Bob Solow, a Nobel Prize laureate, once said the following of Milton Friedman: ‘Everything reminds Milton of the money supply. Well, everything reminds me of sex, but I keep it out of the paper’. I think very often of this superb quote (and of the money supply) when reading competition law scholarship.
It would seem that there is always a valid reason to discuss the objectives of EU competition law, or to explain a legal controversy by reference to them. Authors disagree about the substantive standard that should apply to a practice? It must be the case that they disagree about the objectives that should guide EU competition law. A discussion about, say, vertical restraints? Pondering whether consumer welfare should be the goal underpinning the enforcement of Article 101 TFEU is absolutely necessary.
What I find interesting is that, the more I dig into the case law and administrative practice, the more apparent it is to me that the objectives of EU competition law are of marginal relevance in the decision-making process. My own research efforts lead me to the conclusion that, with very few exceptions, this question plays a very limited role (if at all) when the Commission or EU courts consider whether, and in what circumstances, a given line of conduct should be prohibited. It is simply a mistake to assume that a specific substantive test follows logically from a particular objective, or that a disagreement about the objectives that should guide EU competition law necessarily results in a disagreement about the test to apply in the context of a particular case.

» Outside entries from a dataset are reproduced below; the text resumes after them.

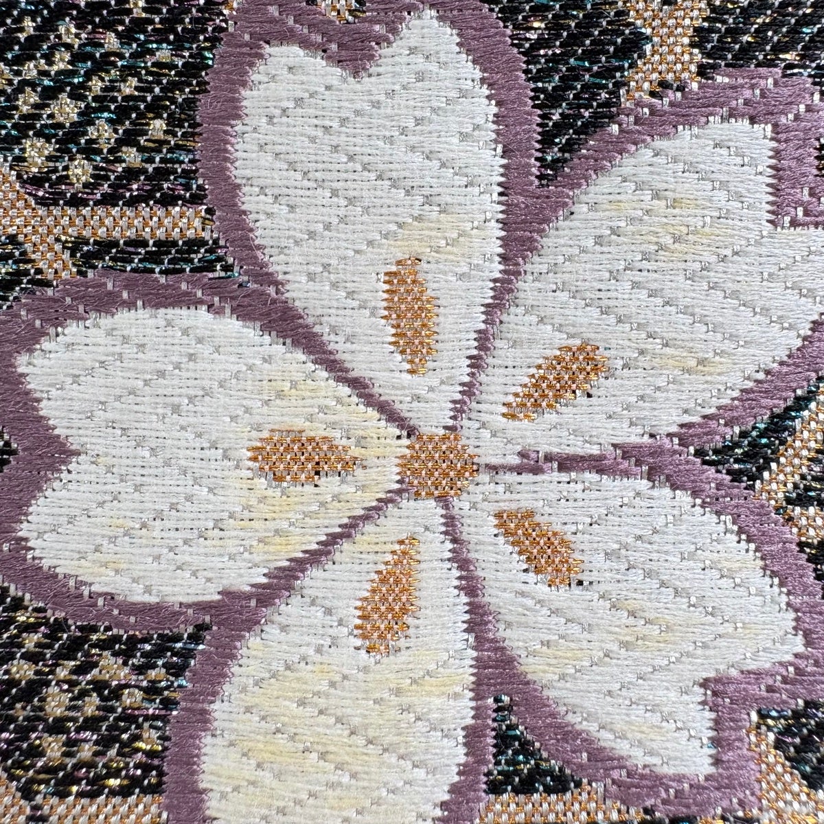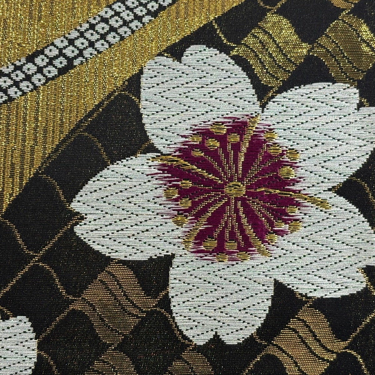 【美品】 袋帯 秀品 華文 桜 金糸 箔 黒 六通 正絹
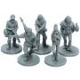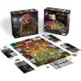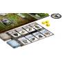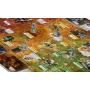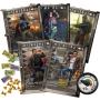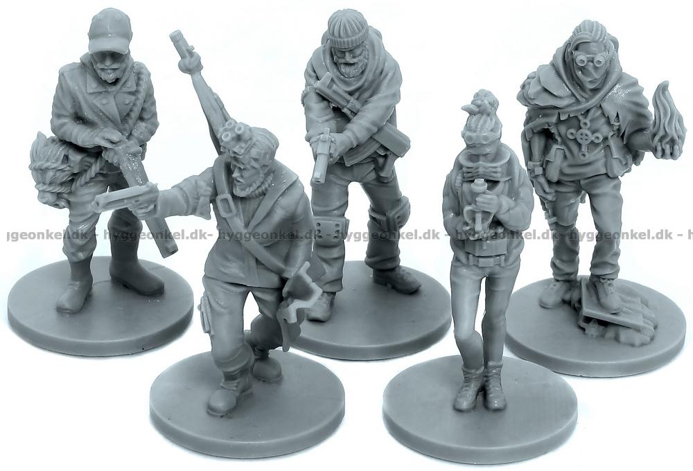 Spelbräde, miniatyrfigurer i plast, kort, tärningar och marker.
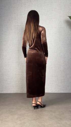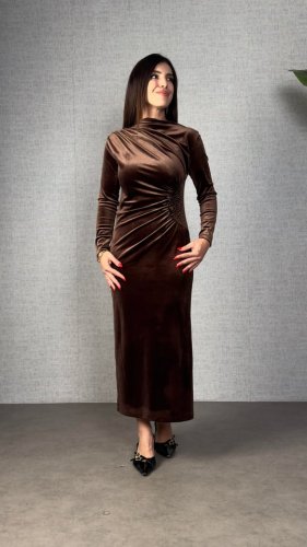 Kadınbalıkçı yaka büzgü ve taş işleme detay Maxi boy kadife elbise
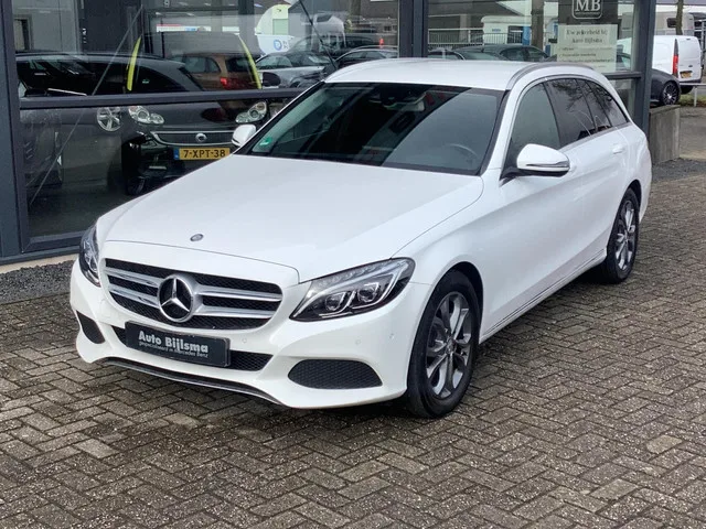 Mercedes C-klasse Estate 180 Prestige, head up display, camera, led, navi, Kenteken: JXV-67-B; Merk: Mercedes; Model: C-klasse Estate; Tellerstand: 106892 KM; Carrosserievorm: Station; Aantal deuren: 5; Brandstofsoort: Benzine; Bouwjaar: 2015; Transmissie: Automaat; Kleur: wit; Motorinhoud: 1595 cc; Aantal cilinders: 4; Motorcode: 274910; Vermogen: 115 kW / 157pk; Ledig gewicht: 1400 kg; Max. trekgewicht: 1800 kg; Aantal zitplaatsen: 5; Verbruik: 5.6 l/100 km; BTW/Marge: Marge, de BTW is niet aftrekbaar; Motorrijtuigenbelasting: € 226 - 247 per kwartaal; Emissieklasse: Euro 6. Pakket: Parkeer pakket. Achteruitrijcamera; Parkeer assistent; Parkeersensor voor en achter. Comfort. Cruise control; Regensensor. Exterieur. Achterruitwisser; Buitenspiegels elektrisch inklapbaar; Buitenspiegels elektrisch verstel- en verwarmbaar; Buitenspiegels elektrisch verstelbaar; Buitenspiegels verwarmbaar; Centrale vergrendeling met afstandsbediening; Dakrails; Dimlichten automatisch; Elektrisch...
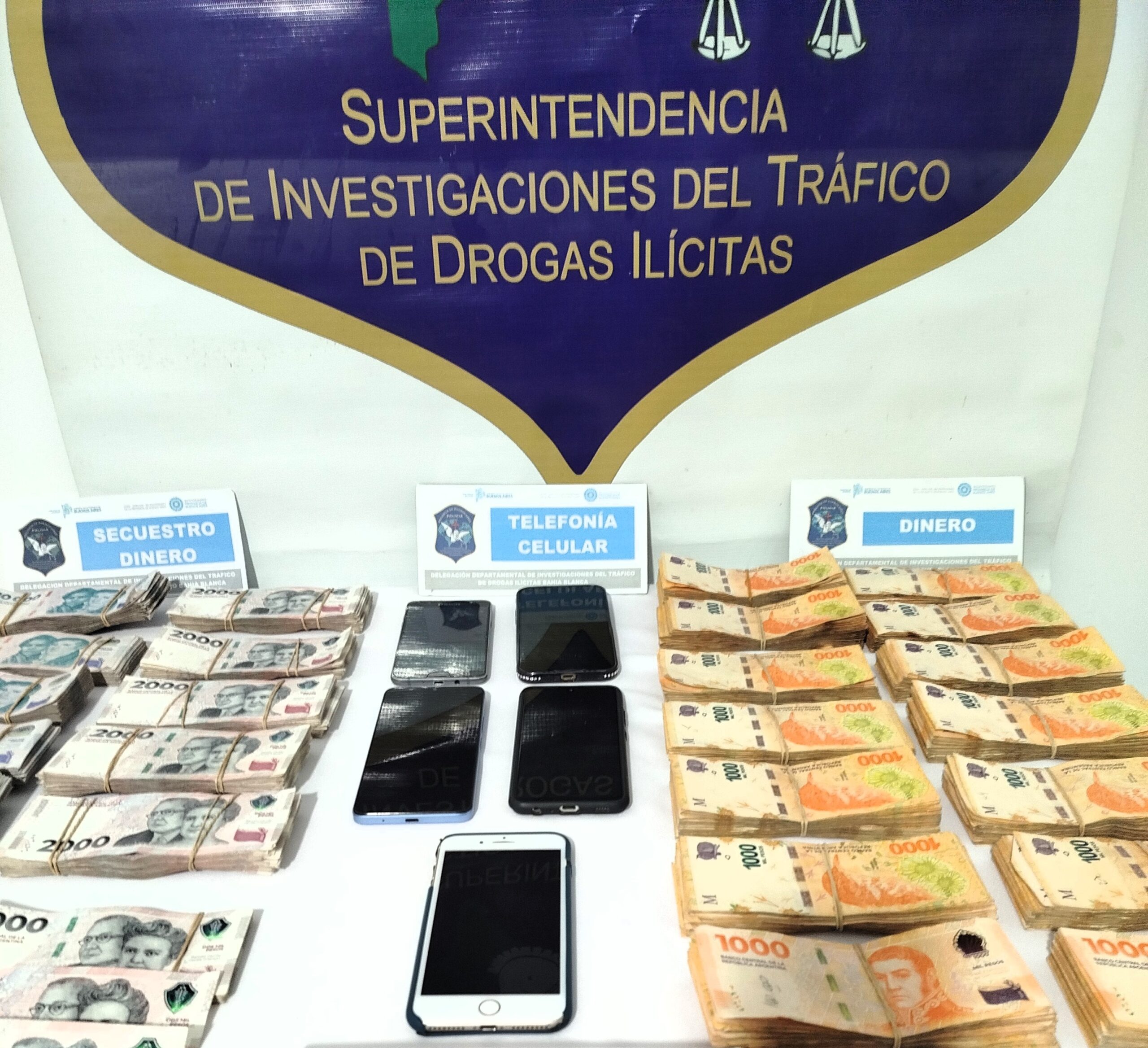 Durante el allanamiento, los investigadores procedieron al secuestro de estupefacientes, varios teléfonos celulares y una importante suma de dinero en efectivo, elementos que serán incorporados a la causa como prueba del ilícito investigado.

Against this background, I asked myself why this issue features so prominently in academic and non-academic discussions. I can think of the following explanations (as usual, I would very much welcome your thoughts):
- Use as a rhetorical device: Challenging someone’s position by arguing that the arguments are only valid when a given objective is endorsed is often very effective. ‘What you say makes sense, but unfortunately consumer welfare is not the objective of EU competition law’, is indeed a powerful rhetorical device that can, moreover, prove useful to avoid addressing difficult questions.
- It is relatively easier: abstract discussions about the objectives of EU competition law may not be very useful in practice, but they often require little effort, or at least much less effort than reading carefully the case law and administrative practice and inferring principles from them. It is probably the case that the latter, no matter how necessary, is also less attractive for many.
- The influence of economics: It makes sense for economists to think about issues by reference to a benchmark against which the lawfulness of a practice can be established. The influence of economic analysis in the field may explain why even academic and non-academic lawyers display a tendency to go about questions in the same way. This is an additional reason why doctrinal analysis may be neglected.
For those readers who thought they would never see it, there you have it: I have just provided a clear example of why the influence of economic analysis might have proved negative in one important respect: it may have the effect of inducing legal scholars to engage in research that is not significant or that contributes little to the understanding of the discipline. I guess this blog can still bring surprises every now and then!